Beebee argues that the epistemic reliability of scientific practices depends not only on the possibility of true theories but also on the social, economic, political, and cultural factors that ensure approximately true answers are publicized and investigated. The lone, unfunded researcher with a correct conjecture does not contribute to the reliability of scientific practices until their work is taken seriously within the scientific community.
**Alternative Perspectives and Critiques from within Social Theory:**
The sources highlight different approaches within social theory to understanding science. The "third-person perspective" (objectivist) camp in social theory attempts to isolate observable and quantifiable "social facts," exemplified by Durkheim's analysis of suicide. In contrast, the "first-person perspective" (hermeneutic) camp focuses on understanding the beliefs and opinions of everyday social actors through principles of interpretation.
Postmodernist attempts to understand science in terms of social construction have also gained traction. This perspective focuses on scientists as rational agents whose reflection is influenced and conditioned by sociological and biological frameworks.

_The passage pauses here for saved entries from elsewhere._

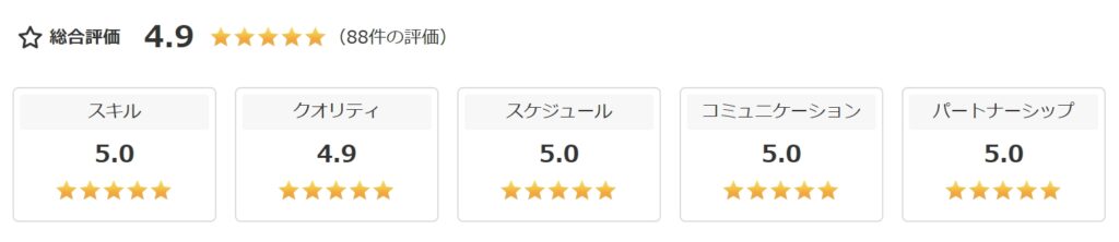 クラウドワークスの評価とクライアント様からいただいた口コミを一部記載いたします。
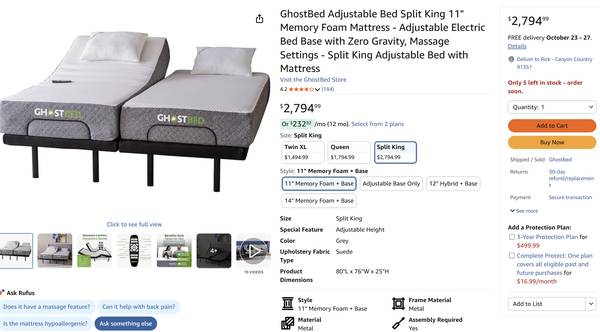 Split King Adjustable Set priced at $800.
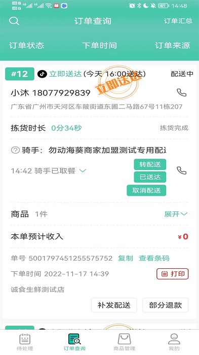 -- 订单管理:随时随地接单,处理催单,操作退单。
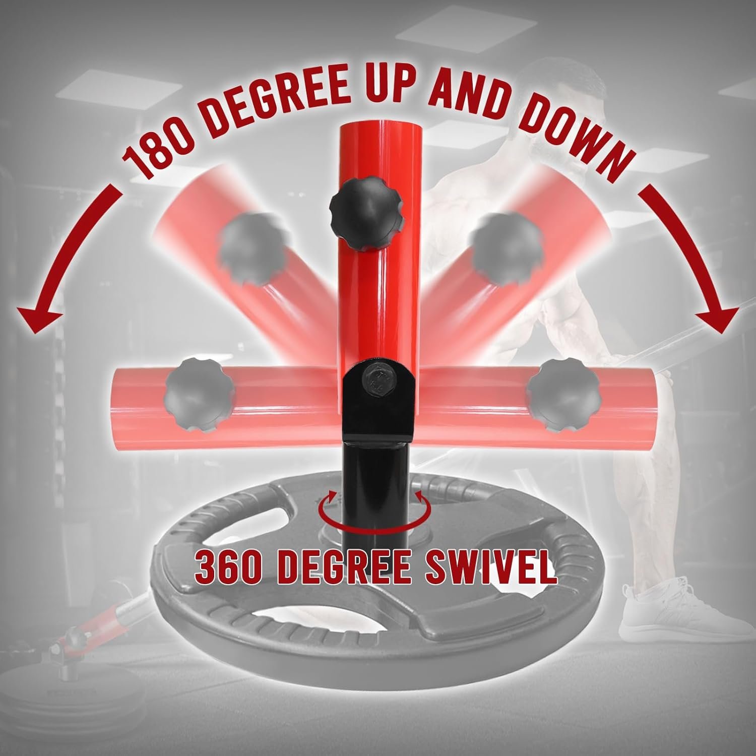 8” long pivot bar sleeve and 4” long base post fitting 2” Olympic bars and weight plates. Its highlight is the full 360 degree swivel and full range swivel up and down, so it gives you multi-directional workouts that impact on all the major muscles in your back, shoulders and the pulling muscles in your arms.
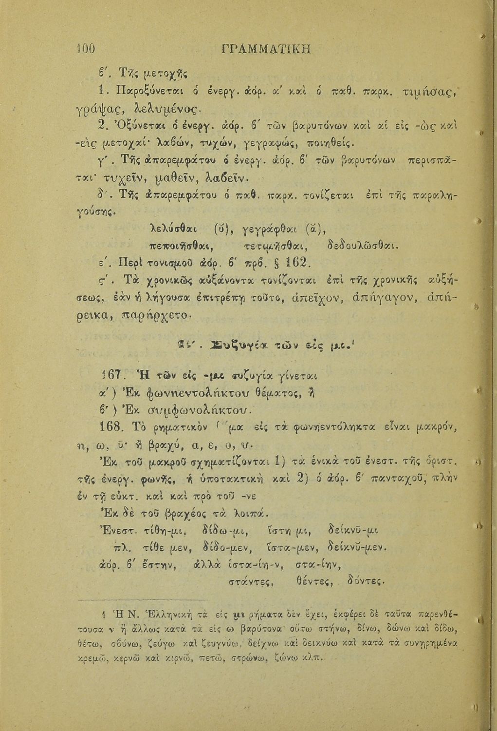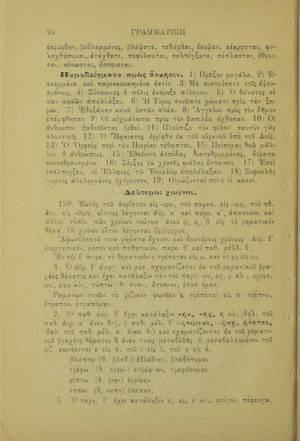 Σχολικό εγχειρίδιο Αρχαίων Ελληνικών για τα Ελληνικά Σχολεία και Παρθεναγωγεία που περιλαμβάνει κανόνες της γραμματικής της αρχαίας ελληνικής και είναι χωρισμένη στο φθογγολογικό και στο τυπολογικό μέρος.
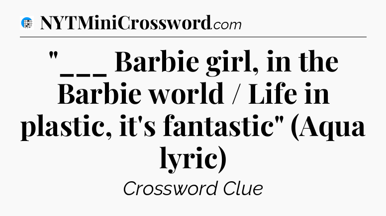 The clue “”___ Barbie girl, in the Barbie world / Life in plastic, it’s fantastic” (Aqua lyric)” most recently appeared in a USA Today Crossword on November 20, 2024.
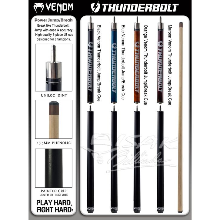 Stick Billiard Venom Thunderbolt Jump Break Cue | RED 13.5mm Stick Billiard Phenolic JB Uniloc Lompat Stik Billiard
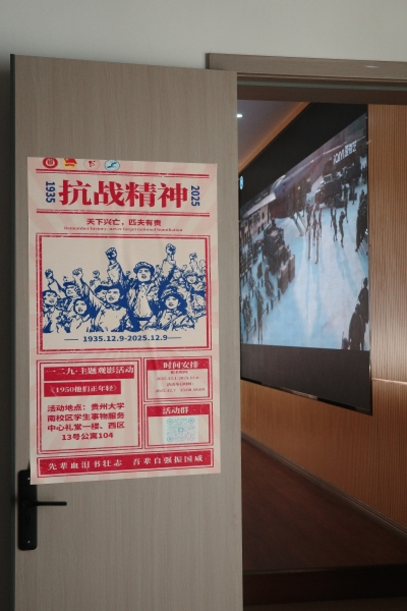 影片放映前,主持人以“一二·九运动与当代青年的责任”为主题作导入,简要回顾1935年北平学子抗日救亡的壮阔历史。随后,开始播放抗美援朝纪录电影《1950他们正年轻》,影片中志愿军老战士的亲历口述,将同学们带回战火纷飞的岁月,他们跨过鸭绿江、守住上甘岭,用青春守护家国。放映结束后,同学们积极交流发言,纷纷表示要努力学习专业知识,把个人理想融入国家发展大局,以真才实学报效祖国。

Critical theorists like Horkheimer and Adorno, drawing on Weber, argued that the growth of scientific rationality represents a growing means of domination. The sociology of scientific knowledge (SSK) further challenged positivistic philosophies of science by emphasizing the social and historical contexts of scientific discovery and insisting on sociological explanations for all scientific beliefs.
**Science and the "Lifeworld":**
Habermas's concept of the "lifeworld" is relevant here. He argues that as science becomes increasingly specialized, it splits off from the lifeworld, leading to laypeople losing the capacity to integrate cognitive, normative, and aesthetic understandings of reality in a critical way. However, he also acknowledges that scientific discourses do permeate lay culture, playing a role in maintaining social stability by generating consensus. Philosophy, according to Habermas, can act as an interpreter between science and the lifeworld, refurbishing the link between specialized knowledge and the totality of lived experience.
**Conclusion:**
The idea of science as a social institution reveals its multifaceted nature, extending beyond mere objective inquiry. It is shaped by social norms, values, power dynamics, historical contexts, and cultural influences. Understanding science in this way allows for a more critical and nuanced perspective on its authority, its role in society, and its relationship with other forms of knowledge and social practices. The sources emphasize the need for reflexivity, acknowledging the situatedness of scientific knowledge and the interplay between science and the broader social world.